ASAN has prepared a comprehensive toolkit to empower people with disabilities, their families, and other disability advocates to help combat disability-based discrimination in organ transplantation.As ASAN found in our 2013 report, when people with intellectual and developmental disabilities need an organ transplant to treat a life-threatening condition, they frequently face barriers to receiving this lifesaving care. Doctors and transplant centers may refuse to approve organ transplants for people with disabilities who might need help in order to follow complicated post-transplant treatment plans. Others may refuse to approve transplants for people with disabilities based on the belief that, when deciding who should receive an organ transplant, people without disabilities should have a higher priority. ASAN’s toolkit on ending discrimination in organ transplantation provides resources for advocacy both on an individual and a system-wide basis.
ASAN has prepared a comprehensive toolkit to empower people with disabilities, their families, and other disability advocates to help youth with disabilities manage their own health care as they transition to adulthood. As ASAN found in our 2013 report, youth with intellectual and developmental disabilities face a variety of barriers to accessing and managing their health care when they reach adulthood. Youth may no longer have access to the same source of health coverage that they had before they turned 18. They may have difficulty finding adult-oriented health care providers who understand their health care and communication needs. And they may not get the supports they need in order to understand their health care options and make decisions for themselves. ASAN’s toolkit on health care and the transition to adulthood provides resources for advocacy both on an individual and a system-wide basis.
Home and community-based services are an important source of support for many people with disabilities who need help to live in the community. But so far, many of these services have been provided in restrictive or group settings, instead of people’s own homes, communities, or integrated workplaces. In January, the Centers for Medicare and Medicaid Services (CMS) announced a new rule that may help people get the services they need in truly integrated settings. The new rule sets forth standards for the settings where people receive home and community-based services, including standards for privacy, choice, integration, and access to jobs in the community. Each state must write a five-year plan for how it will change its home and community-based services programs to meet these new standards. This toolkit is designed to help advocates shape their state plan to ensure that people with disabilities receive Medicaid-funded Home and Community-Based Services in integrated settings that offer full access to the community.

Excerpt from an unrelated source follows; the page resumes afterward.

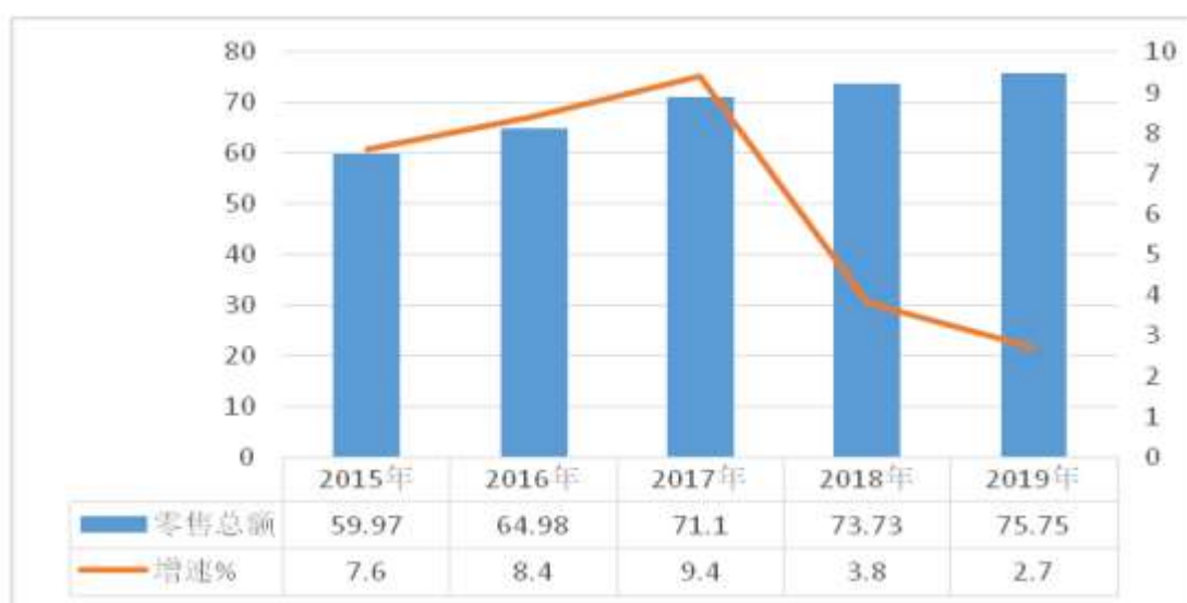
图 3：2015-2019 年社会消费品零售总额增速 (%)

长 1.8%；集体经济零售额 0.92 亿元，增长 39.4%；私营经济零售额 9.63 亿元，增长 9.2%；个体经济零售额 44.68 亿元，增长 6%；股份制经济零售额 17.15 亿元，下降 9.3%；其他各种经济零售额 3 亿元，增长 5.8%。分行业看，批发业零售额 17.33 亿元，下降 9.7%；零售业零售额 31.44 亿元，增长 10.5%；住宿业零售额 3.14 亿元，增长 40.4%；餐饮业零售额 23.84 亿元，与去年同期持平。

The Autistic Self Advocacy Network is in the process of developing a series of resources for autistic people, our families, providers, and health plans on coverage for autism-related services. These services can include developmental approaches regarding social communication, sensory integration, emotional regulation, and adaptive skills. Until now, much advocacy for coverage of “autism interventions” has focused on purely behavioral approaches, like Applied Behavioral Analysis (ABA). These interventions can be inappropriate or even harmful, and exclusive focus on coverage for behavioral interventions can result in limited access to evidence-based and emerging models that focus on improving relationships, communication skills, and development of skills that are meaningful to individuals’ quality of life. Fortunately, laws governing health coverage permit access to a wide range of interventions. These laws vary by state and by source of coverage – for example, Medicaid or private health insurance.